Total time is about 30 minutes (15 min prep + 15 min cook). Most home cooks find this fits comfortably into a weeknight; double the batch on Sunday for two dinners.
How do I store leftover Sautéed Sesame-Ginger Tofu with Stir-Fried Broccoli and Red Peppers?
Cool to room temperature within 2 hours, then store in an airtight container in the fridge for up to 4 days. Reheat covered in a 350°F oven for 10-12 minutes, or microwave at 70% power in 60-second bursts to keep ounces firm tofu from drying out.
Can I substitute ingredients in Sautéed Sesame-Ginger Tofu with Stir-Fried Broccoli and Red Peppers?
Yes — most ingredients in this recipe have flexible swaps. For oil, use any neutral high-smoke-point oil (avocado, grapeseed, refined coconut).
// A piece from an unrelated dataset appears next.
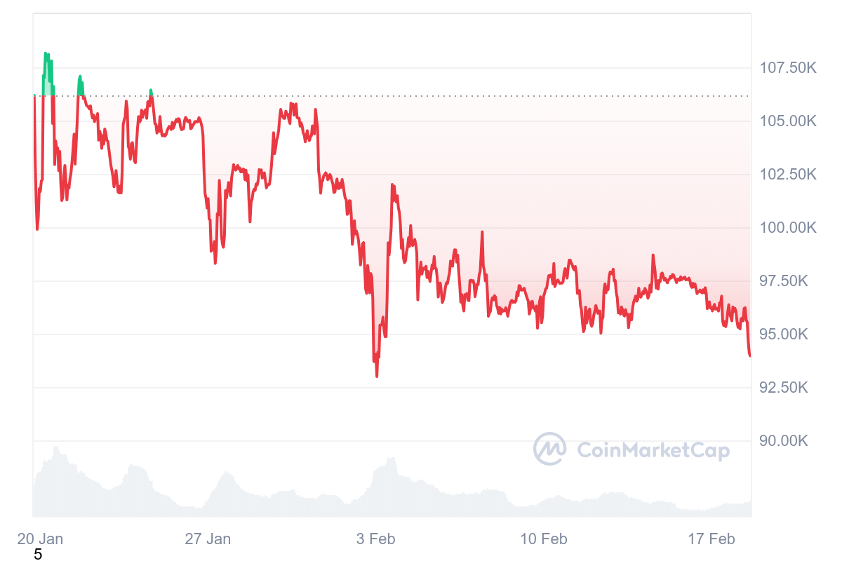 Même avec une nouvelle secousse journalière qui a provoqué une perte de 1,50 %, le résultat annuel est un gain de 0,69 % pour le BTC. D’ailleurs, si l’on se focalise sur le mois dernier, redescendre vers les 90 000 $ n’est pas une première. Le cours du Bitcoin a fait vivre des moments de frayeurs à ses investisseurs en début de mois de février. Après cela, le BTC avait réussi à redépasser les 100 000 $.

For aromatics, dried herbs at ⅓ the volume of fresh work in a pinch. The full ingredient list is shoppable on Instacart so you can see substitutes in real time.
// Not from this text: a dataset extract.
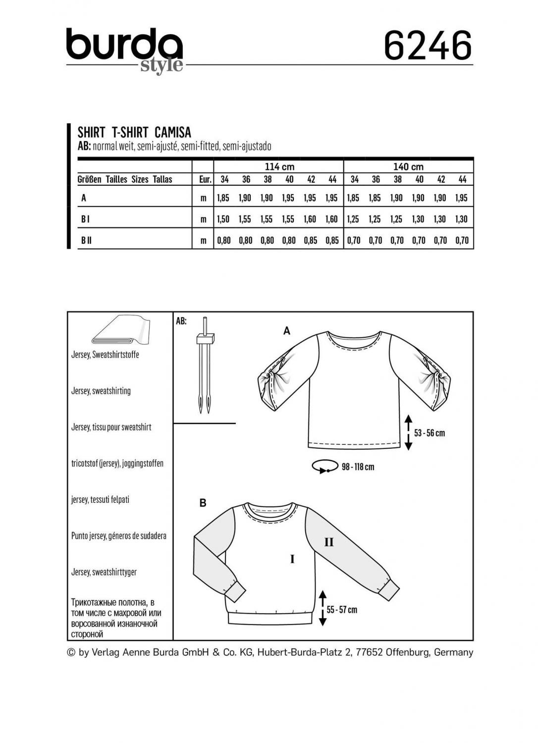 Burda Mönster 6246 - Topp – Sweatshirt – Rund halsringning – Ärmar med en twist

How do I scale Sautéed Sesame-Ginger Tofu with Stir-Fried Broccoli and Red Peppers for a different number of people?
The recipe is written for 3 servings. Multiply each ingredient by (your serving target / 3). Cook time stays roughly the same up to 2x; for 3-4x batches, switch from a skillet to a sheet pan or stockpot so the food isn't crowded — overcrowding steams instead of browns.
Is Sautéed Sesame-Ginger Tofu with Stir-Fried Broccoli and Red Peppers vegan?
Yes — this recipe is tagged vegan, gluten free based on its ingredient list. Always cross-check labels for packaged ingredients (sauces, broths, condiments) since formulations vary by brand.